I've been doing some work with RedHat OpenShift Enterprise (http://www.redhat.com/products/cloud-computing/openshift-enterprise/) and thought that I would document a few tidbits that others might find useful. The configuration that I'm using is running VirtualBox on my MacBook Pro to host two instances of Red Hat Enterprise Linux Server release 6.4 (64bit), one for a broker and one for a node. It is useful/necessary to use static/predictable IPs with OSE because a dhcp environment can make things more difficult. VB can provide a dhcp server which will assign expected IPs to the Linux instances. However, I have the instances running in 'Host-only Adapter' mode so they are able to see each other but that does not allow access to the Internet which is necessary for yum repository access to update/install. A means of providing Internet access to the instances is to install SquidMan on the Mac which will provide a proxy facility. Configuring SquidMan was very easy and only involved setting the desired proxy port and adding the IPs of the Linux instances to the Clients list.

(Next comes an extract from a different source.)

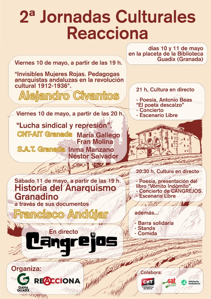 Este viernes en #Guadix participando en las jornadas organizadas por la candidatura municipalista Gana Guadix y el Colectivo ReaccionA hablando sobre sindicalismo y represión.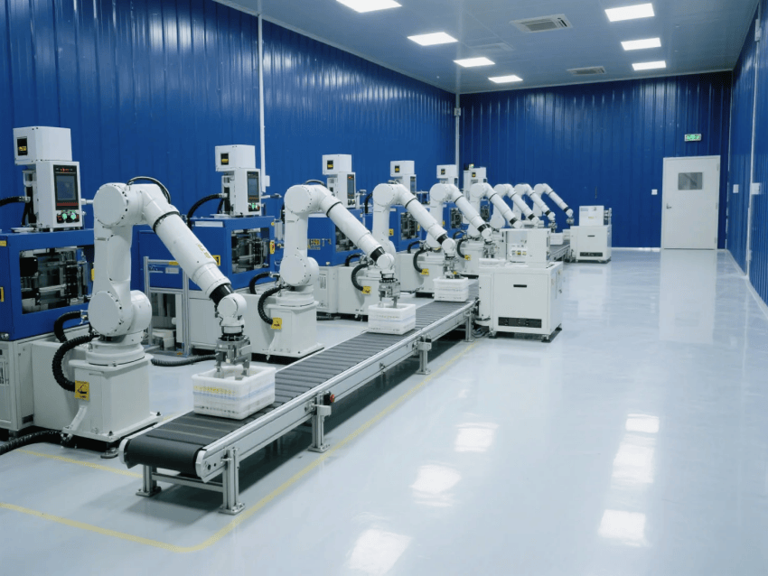 車間采用模塊化潔凈結(jié)構(gòu),50mm厚深藍(lán)抗菌彩鋼板墻體搭配圓弧收邊工藝,確保無塵死角。自動(dòng)化注塑機(jī)與機(jī)械臂工作站呈流水線布局,設(shè)備區(qū)采用淺灰不銹鋼圍擋,與深藍(lán)墻體形成鮮明對比。吊頂系統(tǒng)配置FFU高效過濾單元,維持≥25次/h換氣次數(shù),氣流組織采用頂送側(cè)回模式,確保溫濕度與潔凈度穩(wěn)定。

Once SquidMan was ready I only needed to configure the Linux instances by editing /etc/rhsm/rhsm.conf (note that I am using subscription-manager and not rhn) to add the following:
  • proxy_hostname=192.168.56.1 (the VirtualBox assigned IP for the Mac)
  • proxy_port=8089 (the port I told SquidMan to use)
Then at the Linux shells I added the proxy env var with the following to enable curl and other utility access to the Internet.
export http_proxy=http://192.168.56.1:8089/
Assuming that everything configured correctly you should be able to use curl on the Linux instances to access a website with
curl http://www.google.com
Using the RedHat subscription-manager via this approach requires including the proxy info as an argument like this:
subscription-manager --proxy=192.168.56.1:8089 register
I will try to continue to add more updates on using OSE and all of the cool stuff that is possible with it.